Sodium is an essential nutrient, but is toxic in excess. In humans, excessive dietary sodium can cause high blood pressure, which contributes to age-related diseases including stroke and heart disease. We used C. elegans to elucidate how sodium levels influence animal aging. Most experiments on this animal are conducted in standard culture conditions: Nematode Growth Medium (NGM) agar with a lawn of E. coli. Here, we report that the supplemental NaCl in standard NGM, 50 mM, accelerates aging and decreases lifespan. For comparison, we prepared NGM with reduced NaCl or excess NaCl. Considering reduced NaCl as a baseline, wild-type worms on standard NGM displayed normal development and fertility but reduced lifespan and health span, indicating toxicity in old animals.

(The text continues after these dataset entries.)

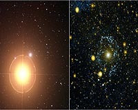 Pasadena CA (SPX) Nov 03, 2008 NASA's Galaxy Evolution Explorer has lifted the veil off a ghost known to haunt the local universe, providing new insight into the formation and evolution of galaxies. The eerie creature, called NGC 404, is a type of galaxy known as "lenticular." Lenticular galaxies are disk-shaped, with little ongoing star formation and no spiral arms. NGC 404 is the nearest example of a lenticular galaxy, and therefore of great interest. But it lies hidden in the glare from a red giant star called Mirach. For this reason, NGC 404 became known to astronomers as the "Ghost of Mirach." When the Galaxy Evolution Explorer spied the galaxy in ultraviolet light, a spooky ring materialized. "We thought this celestial ghost was essentially dead, but we've been able to show that it has an extended ring of new stars. The galaxy has a hybrid character in which the well-known, very old stellar population tells only part of the story," said David Thilker of Johns Hopkins University in Baltimore. "It's like the living dead." Thilker and members of the Galaxy Evolution Explorer team spotted the Ghost of Mirach in images taken during the space telescope's all-sky survey. The Galaxy Evolution Explorer is a relatively low-cost NASA mission, launched in 2003, with an ambitious charge to survey the entire visible sky in ultraviolet light, a job never before accomplished. Because Earth's atmosphere absorbs ultraviolet photons -- a good thing for us living creatures who are susceptible to the damaging light -- ultraviolet telescopes must operate from space. The first images of the Ghost of Mirach taken by the Galaxy Evolution Explorer hinted at a surrounding ultraviolet-bright extended structure. Subsequent, longer exposure observations indeed show that the lenticular galaxy is surrounded by a clumpy, never-before-seen ring of stars. What is this mysterious ultraviolet ring doing around an otherwise nondescript lenticular galaxy? As it turns out, previous imaging with the National Science Foundation's Very Large Array radio telescope in New Mexico had discovered a gaseous ring of hydrogen that matches the ultraviolet ring observed by the Galaxy Evolution Explorer. The authors of this Very Large Array study attributed the gas ring to a violent collision between NGC 404 and a small neighboring galaxy 900 million years ago. The ultraviolet observations demonstrate that, when the hydrogen from the collision settled into the plane of the lenticular galaxy, stars began to form in a ghostly ring. Young, relatively hot stars forming in stellar clusters sprinkled throughout NGC 404's ring give off the ultraviolet light that the Galaxy Evolution Explorer was able to see. "Before the Galaxy Evolution Explorer image, NGC 404 was thought to contain only very old and evolved red stars distributed in a smooth elliptical shape, suggesting a galaxy well into its old age and no longer evolving significantly," said Mark Seibert of the Observatories of the Carnegie Institution of Washington in Pasadena, Calif. "Now we see it has come back to life, to grow once again." "The Ghost of Mirach has been lucky enough to get a new lease on life through the rejuvenating, chance merger with its dwarf companion," added Thilker. The findings indicate that the evolution of lenticular galaxies might not yet be complete. They may, in fact, continue to form stars in a slow, piecemeal fashion as they suck the raw, gaseous material for stars from small, neighboring galaxies. It seems the Ghost of Mirach might act more like a vampire than a ghost. Caltech leads the Galaxy Evolution Explorer mission and is responsible for science operations and data analysis. NASA's Jet Propulsion Laboratory in Pasadena, Calif., manages the mission and built the science instrument. The mission was developed under NASA's Explorers Program managed by the Goddard Space Flight Center, Greenbelt, Md. Researchers sponsored by Yonsei University in South Korea and the Centre National d'Etudes Spatiales (CNES) in France collaborated on this mission. Community Email This Article Comment On This Article Related Links Galaxy Evolution Explorer Stellar Chemistry, The Universe And All Within It
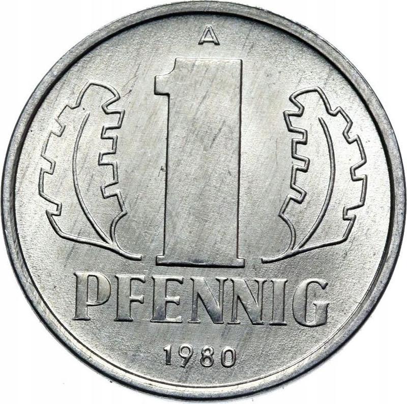 Find out the current coin value of the German 1 Pfennig 1980 with mark A. This aluminum coin from the times GDR struck at the Berlin Mint. Wondering how much a coin like this is worth? The record price belongs to the lot 1496 sold at the Russiancoin auction for RUB 10,000. Bidding took place February 6, 2025.
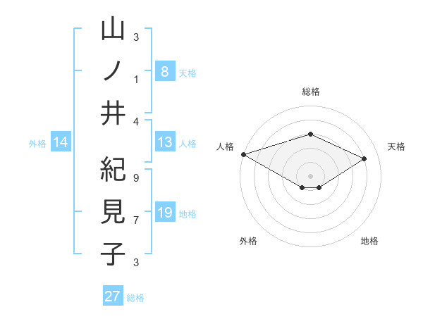 山ノ井 紀見子さんを姓名の画数から五運を鑑定
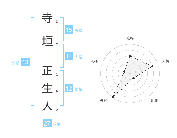 寺垣 正生人さんの天格は15画の4点!
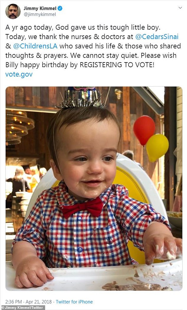 خضع ابن مقدّم البرامج "جيمي كيميل" البالغ من العمر عامين لعملية قلب مفتوح وذلك بعد أيام قليلة من ولادته في إبريل عام 2017، حيث أنه تعافى بشكل كامل بعد نجاح العملية.

The long-lived mutants daf-2, age-1, and nuo-6, cultured on standard NGM, also displayed reduced lifespan. Thus, NaCl in standard NGM accelerates aging in multiple genetic backgrounds. Wild-type worms on excess NaCl displayed delayed development and reduced fertility, and reduced lifespan and health span, indicating toxicity in both young and old animals. These results suggest that young animals are relatively resistant to NaCl toxicity, but that aging causes progressive sensitivity, such that old animals display toxicity to both standard and excess NaCl. We investigated pathways that respond to NaCl. Young animals cultured with excess NaCl activated gpdh-1, a specific response to NaCl stress. Old animals cultured with excess NaCl activated gpdh-1 and hsp-6, a reporter for the mitochondrial unfolded protein response. Thus, excess NaCl activates multiple stress response pathways in older animals.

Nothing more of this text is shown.